1. Same element: If the previous element in our subsequence is the same as nums[i], we don't use any additional "change" positions. We want to find the longest subsequence ending with the same value that uses at most h changes.

2. Different element: If the previous element is different from nums[i], we consume one "change" position. So we need to look at subsequences with at most h-1 changes and add nums[i] to them.

This leads us to define f[i][h] as the length of the longest good subsequence ending at index i with at most h changes used.

For each position i and change count h, we examine all previous positions j < i:

• If nums[i] == nums[j], we can extend the subsequence ending at j without using an additional change: f[i][h] = max(f[i][h], f[j][h] + 1)
• If nums[i] != nums[j] and h > 0, we can extend the subsequence ending at j by using one change: f[i][h] = max(f[i][h], f[j][h-1] + 1)

The challenge with this approach is efficiency. Checking all previous positions for each i gives us O(n²k) complexity, which is too slow for large inputs.

The optimization comes from recognizing patterns in what we're looking for:

• For same elements, we just need the maximum f[j][h] where nums[j] == nums[i]. We can maintain this using a map for each change count.
• For different elements, we need the maximum f[j][h-1] across all different values.

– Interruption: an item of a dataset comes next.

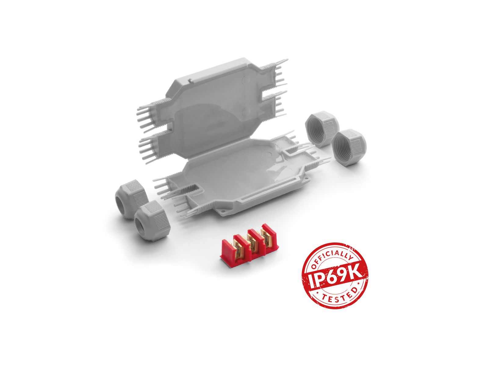 Denne samledåse med gel har mulighed for 4 kabler. IP68 og IP69K, leveres klar til brug og er ekstrem kompakt.
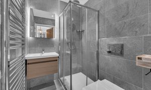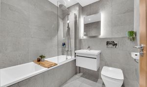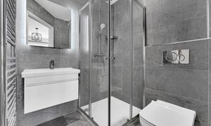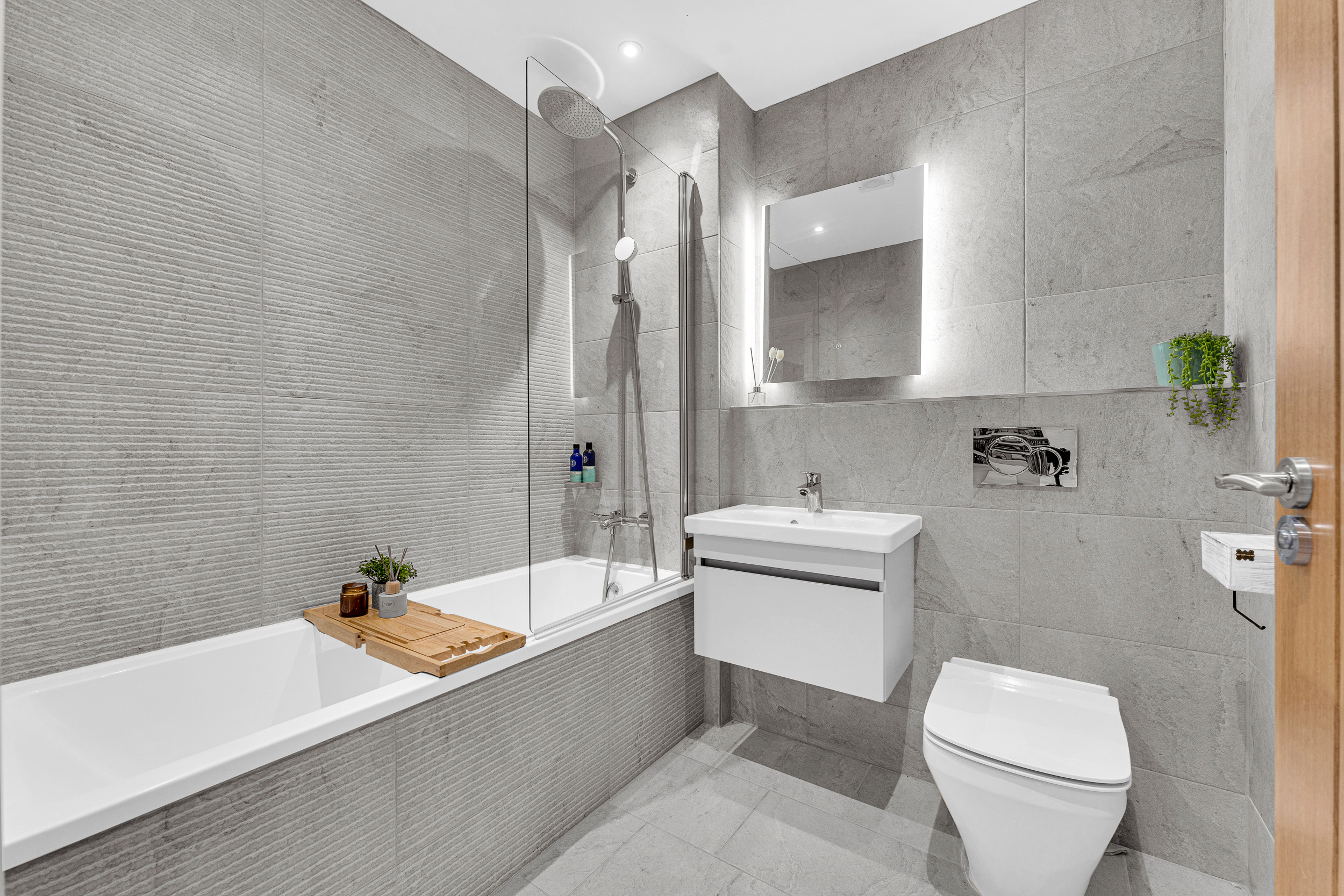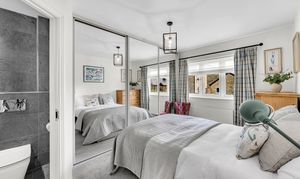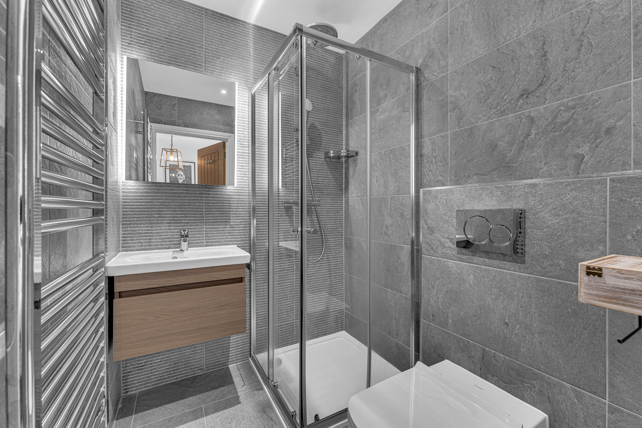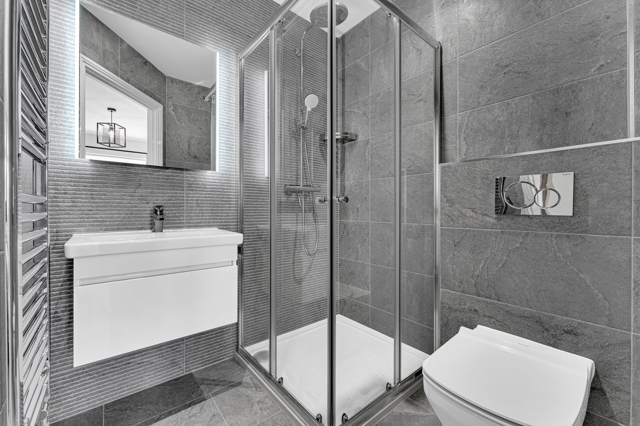 At the front of the house, bedrooms one and two feature en-suites, where grey stone-effect tiles with chrome trim offset modern high-spec sanitaryware, including rainfall shower enclosures, chrome heated towel rails, wall-mounted vanity basins with backlit mirrors equipped with Bluetooth speakers above, and back-to-wall toilets with chrome flush plates.

Since we only care about the maximum (and sometimes second maximum when the maximum corresponds to nums[i]), we can maintain just the top two values for each change count.

This optimization reduces our lookups from O(n) to O(1) for each state calculation.

Learn more about Dynamic Programming patterns.

Solution Approach

The solution implements the optimized dynamic programming approach using several key data structures:

Data Structures

1. f[i][h]: A 2D array where f[i][h] represents the length of the longest good subsequence ending at index i with at most h changes.

2. mp[h]: An array of dictionaries where mp[h][x] stores the maximum length of a good subsequence ending with value x using at most h changes. This helps us quickly find the best subsequence to extend when we encounter the same value.

3. g[h]: A 2D array of size (k+1) × 3 that tracks:

   • g[h][0]: The value corresponding to the maximum length
   • g[h][1]: The maximum length of subsequences with at most h changes
   • g[h][2]: The second maximum length (needed when the maximum corresponds to the current value)

Algorithm Steps

For each element nums[i] and each possible change count h from 0 to k:

1. Initialize with same value extension:

   f[i][h] = mp[h][x]

   This handles extending subsequences that end with the same value x = nums[i].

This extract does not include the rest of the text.